On the same note, Harvey Cox describes women as a "Playboy accessory." "After all," he writes, "the most famous feature of the magazine is its monthly foldout photo of a playmate. She is the symbol par excellence of recreational sex. When playtime is over, the playmate's function ceases, so she must be made to understand the rules of the game. As the crewcut young man in a Playboy cartoon says to the rumpled and disarrayed girl he is passionately embracing, 'Why speak of love at a time like this?'"
And suggesting just how far apart the critics of Playboy's content and concept may sometimes be, Cox continues: "Moralistic criticisms of Playboy fail because its antimoralism is one of the few places in which Playboy is right.... Thus any theological critique of Playboy that focuses on its 'lewdness' will misfire completely. Playboy and its less successful imitators are not 'sex magazines' at all. They are basically antisexual. They dilute and dissipate authentic sexuality by reducing it to an accessory, by keeping it at a safe distance." Cox concludes with: "We must see in Playboy the latest and slickest episode in man's continuing refusal to be fully human."
What is Playboy's answer to these critics of its concept? There would seem to be some truth in what they say, even if we do not agree with their conclusions. How is it possible to both agree and disagree with these critics—accepting some of their evidence, while rejecting their interpretation of it? Part of the answer lies in their incomplete understanding of what Playboy really represents and believes in. Another part of the answer is clearly rooted in a fundamental difference of opinion about life, and the world in which we live, that we would like to explore at some length. But the best way to begin, we think, is through an explanation of just how Playboy was initially conceived and why we feel it has enjoyed such success in a time when many other, older, well-established magazines have floundered and failed. And in fully understanding the Playboy phenomenon, one may also gain greater insight into this entire generation and how it has grown out of the social and economic revolution that has taken place in America over the last 60 years.
The Uncommon Man
Within the threescore years of this century, the American personality has undergone as drastic and dramatic a change as the country itself. The first 30 years of the 20th century were characterized by our unbounded faith in ourselves, both individually and as a nation. We were enjoying the results of the industrial revolution, and if the streets were not literally paved with gold, it was only a technicality. It was a time of confidence and enthusiasm; it was a crazy, romantic, wonderful time, when most men believed they could lift themselves by their own bootstraps, even if they didn't yet own a pair of boots. Boys hungrily consumed the books of Horatio Alger (he wrote 119, or, as one critic put it, "one book, rewritten 118 times," that sold an almost unbelievable 250 million copies) with titles like Sink or Swim, Strive and Succeed, Do or Dare, Fame and Fortune. They told a youngster that success, yes, and fame and fortune, too, could be his—no matter how humble his beginning—if he was industrious, honest and had faith in himself, his God and his country.
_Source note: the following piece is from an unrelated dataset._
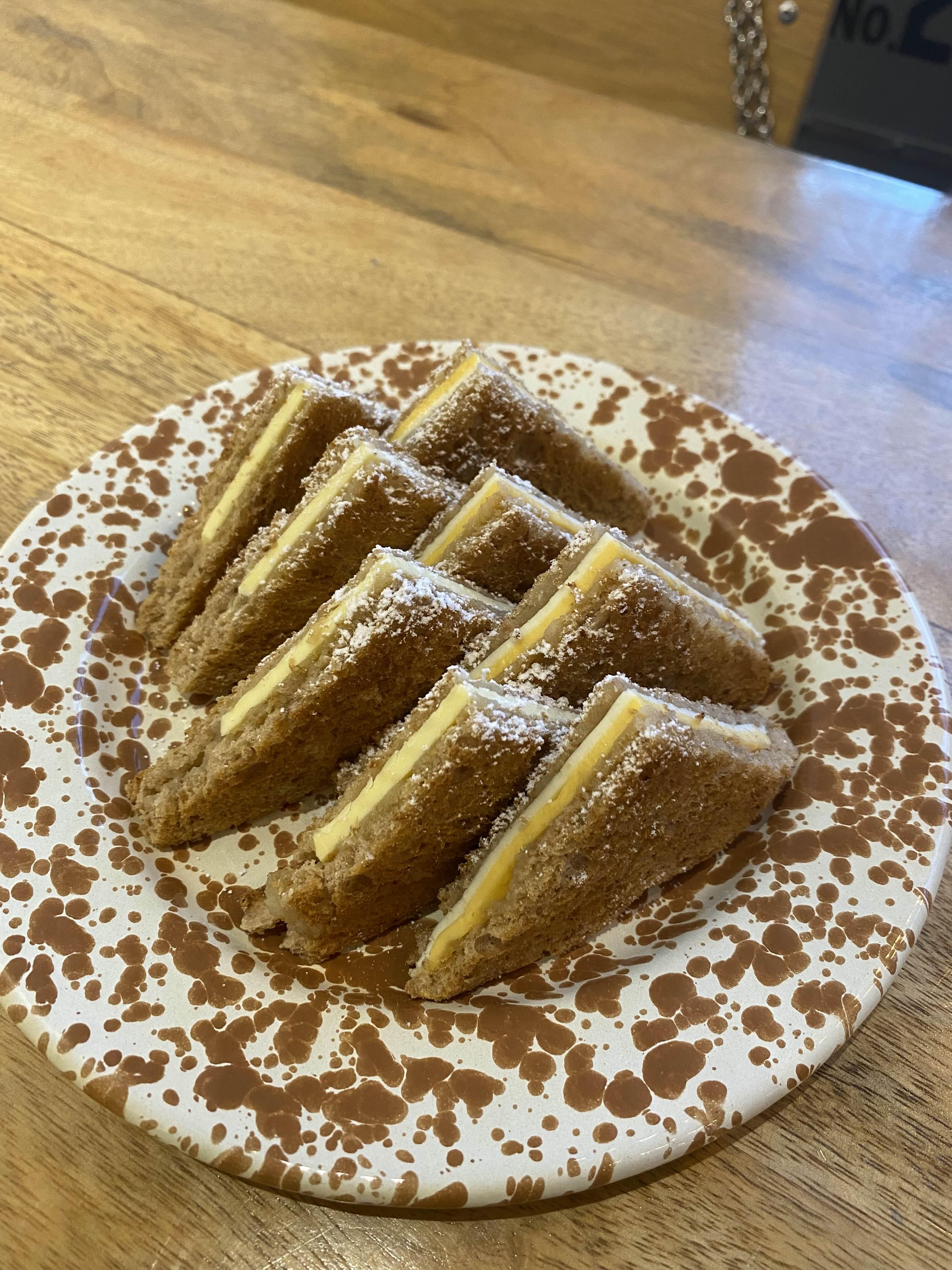 카야토스트는 버터, 치즈 이렇게 고를 수 있는데 반반도 가능해서 저는 반반으로 골랐었습니다. 카야토스트는 간단한 메뉴지만 만드는 곳마다 확실하게 차이가 나는데 경산 옥산동 카페 바이버리커피 카야토스트는 얇고 겉은 바삭한 식감이 특징이고 안에 버터, 치즈 조합이 잘 어울려서 먹기 좋았습니다. 맛자체가 특별하게 느껴지진 않았지만 아메리카노와 함께 먹기에 괜찮았습니다.

Nothing was impossible. Any boy could grow up to be President of the U.S., or of U.S. Steel.
The United States was the golden land of opportunity and freedom—for its own people and for the rest of the world as well. America's promise was spelled out in the words inscribed on the pedestal of the Statue of Liberty:
Give me your tired, your poor,
Your huddled masses yearning to breathe free,
The wretched refuse of your teeming shore,
Send these, the homeless, tempest-tossed, to me:
I lift my lamp beside the golden door.
These were the years of the Uncommon Man—when uncommon ambition and deeds were the rule rather than the exception. These were the years of the great national heroes, both fictional and real. Before World War I, every young man's idol was Frank Merriwell, whose exploits in Frank Merriwell at Yale, Frank Merriwell's Dilemma and The Winning Last Quarter-Mile proved the importance of pluck, perseverance, honor and playing the game according to the rules. Merriwell was the ultimate in the Uncommon Man—he was, as his creator Burt L. Standish modestly informed us in adventure after adventure, the greatest student and athlete that Yale has ever known. The so-called Golden Era of Sports was actually less that than a period in which important sports figures (and, indeed, anyone who excelled at almost anything) were acclaimed national heroes. It was a time when an entire country could get as cockeyed excited as a kid over a young man's climbing into a single-motor airplane and flying across the Atlantic alone.
The era reached its apex in the decade now fondly remembered as the Roaring Twenties. After the Great War, a new sophistication and cynicism spread across the land, but the Twenties were a good deal more than Sheiks and Shebas, bathtub gin and the Charleston. It was a yeasty time, a time of innovation and adventure, when new notions and ideas were accepted almost as quickly as they were born—a period of important growth in science and the arts. It ended with the stock market crash late in 1929.
The Common Man
The ten years of bleak Depression that followed the Roaring Twenties came as a brutal and sustained shock to the national psyche. Some saw in it a terrible retribution for the years before—a sort of protracted hangover from an economic binge. It was nothing of the sort, of course, but the generation which came to mature during the Depression suffered just the same.
During the Thirties, worse things than hunger afflicted us. It is difficult—nay, almost impossible—to hold onto one's optimism, individuality and spirit of adventure when you cannot earn enough to support your family. Intellectual achievement and education lose much of their prestige and appeal when a diploma offers no assurance of a job after graduation, and when the great majority cannot afford higher education in any case. Nor is a man apt to feel particularly competitive in a society that offers him almost no opportunity to compete.
In place of individual initiative, an emphasis on accomplishment and educational attainment, a faith in self and in our economic system, a curiosity about the new and different, Americans became increasingly concerned with security, the safe and the sure, the certain and the known.
Instead of helping the people to sort out their ideas and ideals during this time of uncertainty and confusion, a great many newspapers, magazines and movies actually pandered to the public's already growing prejudices. If it was especially difficult to get ahead during the Depression, then the popular press was perfectly willing to persuade people that what they already had was plenty good enough. After all, why make a man quest after things he could probably never achieve? If his aspirations were much beyond his hopes of fulfilling them, he would only become frustrated and unhappy. So the newspapers, magazines, movies and radio, too, set about making Americans satisfied with their lot, complacent about the status quo. Some might argue that if you curbed the nation's initiative, it could cause incalculable damage, but that was an abstract philosophical idea and the problems of the time were the only reality.
This satisfied, complacent, relatively initiative-free social order was achieved in several ways: First, the mass media made the wealthy appear to be as shallow, ignorant, foolish and unappealing as possible. Admittedly, making wealth itself unattractive would really take some doing, but the press and films did a damned impressive job of the next best thing. The Sunday magazine section of the Hearst papers of the Thirties had a fine old time convincing us that most all of society (the socially prominent) and the financially well to do were either scoundrels or scandalous empty-headed nincompoops, or both.